2.8.2. Micro-computed tomography (Micro-CT) measurement
To compare the osteogenic capacity between CPS and Sr-CPS scaffolds, Micro-CT (μCT 80; SCANCO Medical AG, Bassersdorf, Switzerland) were performed to evaluate bone defect healing and scaffolds degradation. Firstly, rat calvariums were harvested and fixed in 4% neutral-buffered formalin for 48 h. Secondly, the specimens were scanned with following parameters: voltage, 70 kV; electric current, 114 μA; and resolution of 10 μm per pixel. After scanning, three-dimensional (3D) image was reconstructed. Bone mineral density (BMD), bone volume/total tissue volume (BV/TV), trabecular number (Tb.N) and trabecular thickness (Tb.Th) in the bone defect were analyzed by using its auxiliary software (Scanco Medical AG, Switzerland).

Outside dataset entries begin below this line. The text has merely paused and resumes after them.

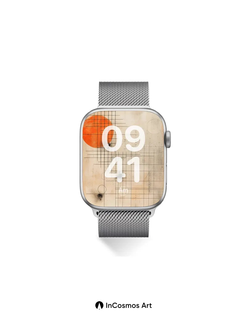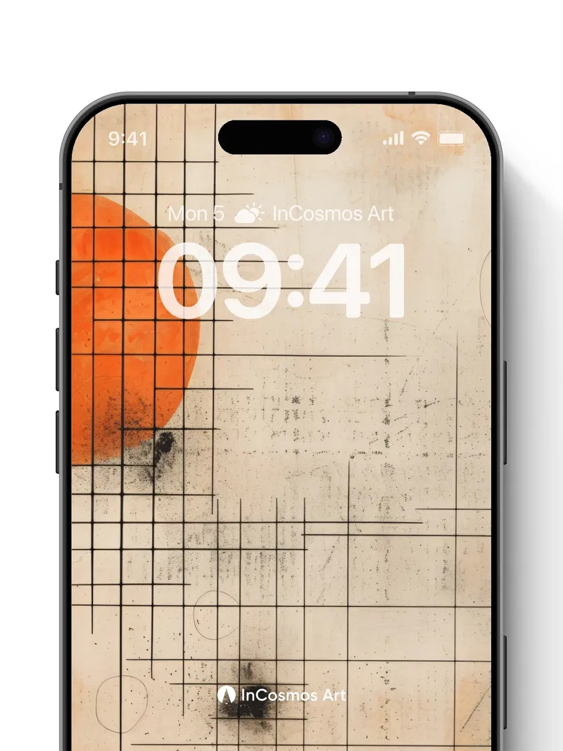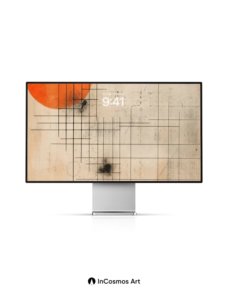 Debug page_description: Did you know that ancient Japanese scroll painters used rice paper and mineral pigments to create ethereal textures? Here, a faded orange sun hovers over a delicate lattice of intersecting lines, its warmth bleeding into the aged parchment surface like memory itself. The grid feels both architectural and fragile, as if drawn by hand in quiet contemplation, while faint circles and smudged ink stains whisper of forgotten equations and celestial charts. Share this with your best friend. Send this to your love and swap a matching set. What if every line on this wall held a secret from another time?
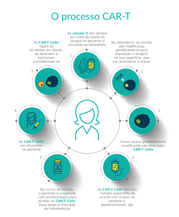 “São drogas vivas, chamadas de terapia celular, que aprimoram o sistema de defesa do paciente para que ele promova a cura através da destruição das células do câncer. Dentre elas, o CAR-T é uma nova modalidade de tratamento que, pela sua importância, insere-se como um novo pilar na jornada de tratamento do paciente, junto com a imunoterapia, quimioterapia e radioterapia. Nesse caso, no entanto, ela oferece uma resposta mais específica, pois trabalha de forma personalizada, guiada para tratar aquela célula, aquele câncer, aquela mutação, e não apenas de uma maneira geral, em todo o corpo”, analisa Renato Cunha, hematologista e líder do Programa de Terapias Gênicas do Grupo Oncoclínicas.
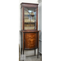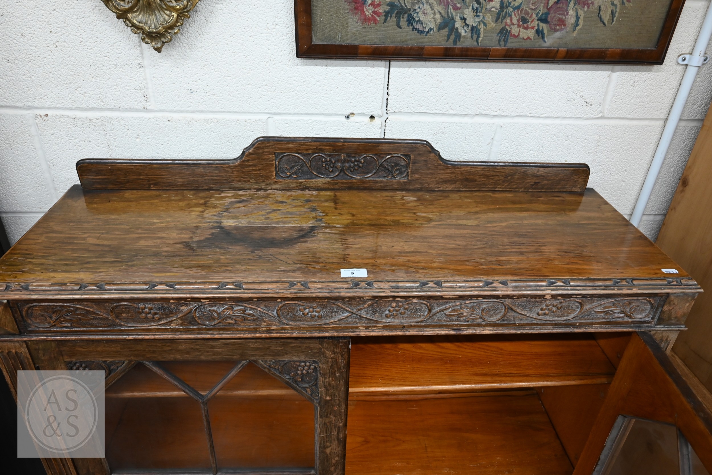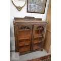 A mid 20th century carved oak bookcase, two glazed doors enclosing adjustable shelving standing on turned feet, 104 x 34 x 136 cm high
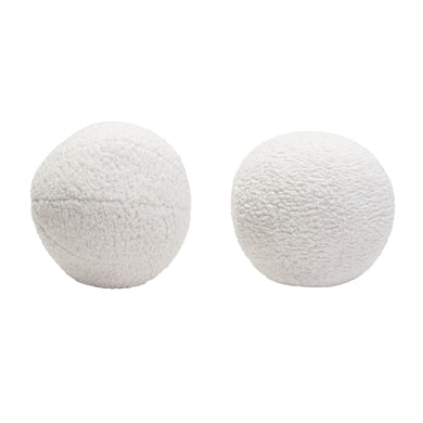 Set of (2) 10" Round Accent Pillows in White Faux Sheepskin by Diamond Sofa
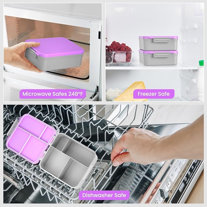 - Leak-Proof Bento Box with Compartments: Our kids Bento lunch box comes with 4 compartments, The large compartment can hold a whole burger or sandwich, vegetables and bread suitable for your diet! Each compartment is individually sealed with silicone to keep meals perfectly separated, fresh, and enjoying their food
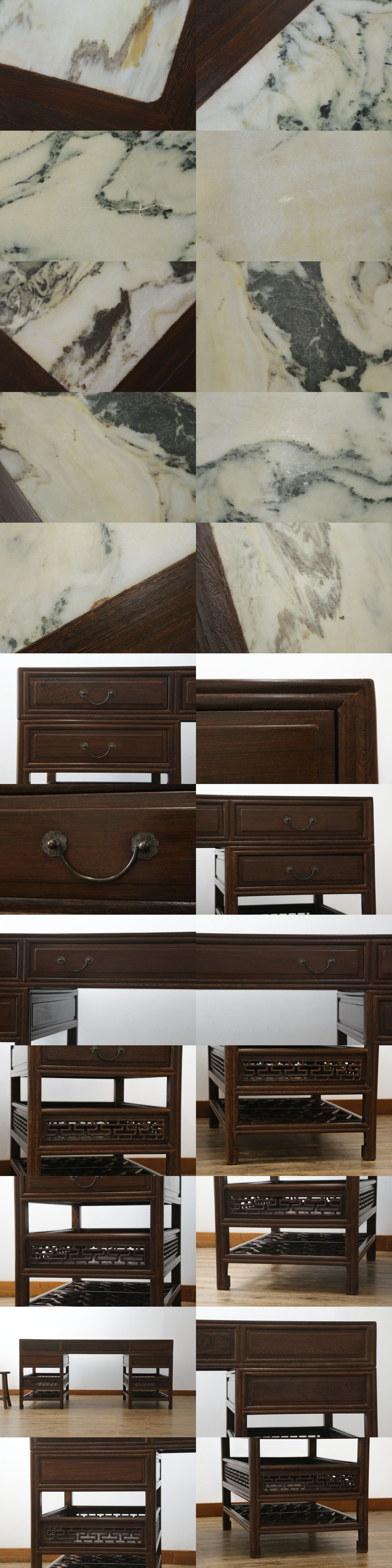 R-057848 中国アンティーク 最高級 鉄刀木(タガヤサン) 天板大理石 組み立て式両袖机(ニーホールデスク、ワークデスク、在宅用、在宅用) 收藏

2.8.3. Histological staining and histomorphometric analysis
After micro-CT scanning, the calvarial samples were decalcified in 10% EDTA (pH = 7.4) for 3 weeks and then embedded in paraffin. For microstructure observation, four longitudinal sections (150 mm thick) of each specimen were prepared for hematoxylin and eosin (H&E), TRAP, Masson-trichrome and Immunohistochemical (IHC) stainings. IHC staining was accomplished with antibodies against ALP and RUNX-2 (USA, Affinity; dilution 1:100). The images were obtained using a high-quality microscope (Leica DM4000B).
2.9. Statistical analysis
All data are presented as the mean ± standard deviation (SD). Differences between the experimental and control groups were evaluated by Student's t-test. One-way analysis of variance (ANOVA) was used for multifactorial comparisons in this study. A P value < 0.05 was considered as statistically significant. * and # indicate P < 0.05, ** and ## indicate P < 0.01. All data analysis was conducted using SPSS 22.0 analysis software (SPSS Inc, Chicago, IL).
3. Results
3.1. Scaffolds characterization
The cross-section view of CPS and Sr-CPS samples was shown in Fig. 1A. It could be seen that all the CPS and Sr-CPS scaffolds have ultrafine microstructure. In addition, it could also be noted that there were many nano pores existed in the scaffolds which might be caused by the decomposition of residual organic phase in CPS.
Fig. 1B showed the XRD patterns of CPS and Sr-CPS samples sintered at 1100 °C. It could be seen that the diffraction pattern of CPS powders was coincided well with the data of PDF #40–393, indicating a crystallized silicocarnotite phase. It seemed no extra Sr compounds were detected. With an increase of Sr substitution, the diffraction peaks of CPS shifted to lower 2 theta values, which indicated the substitution of Ca ions by Sr ions, since Sr2+ (0.118 nm) has a larger radius than Ca2+ (0.1 nm). Furthermore, the diffraction intensity of Sr-CPS samples decreased and the peaks broadened with an increase of Sr content, which was due to the expansion of CPS network caused by the solid solution of Sr.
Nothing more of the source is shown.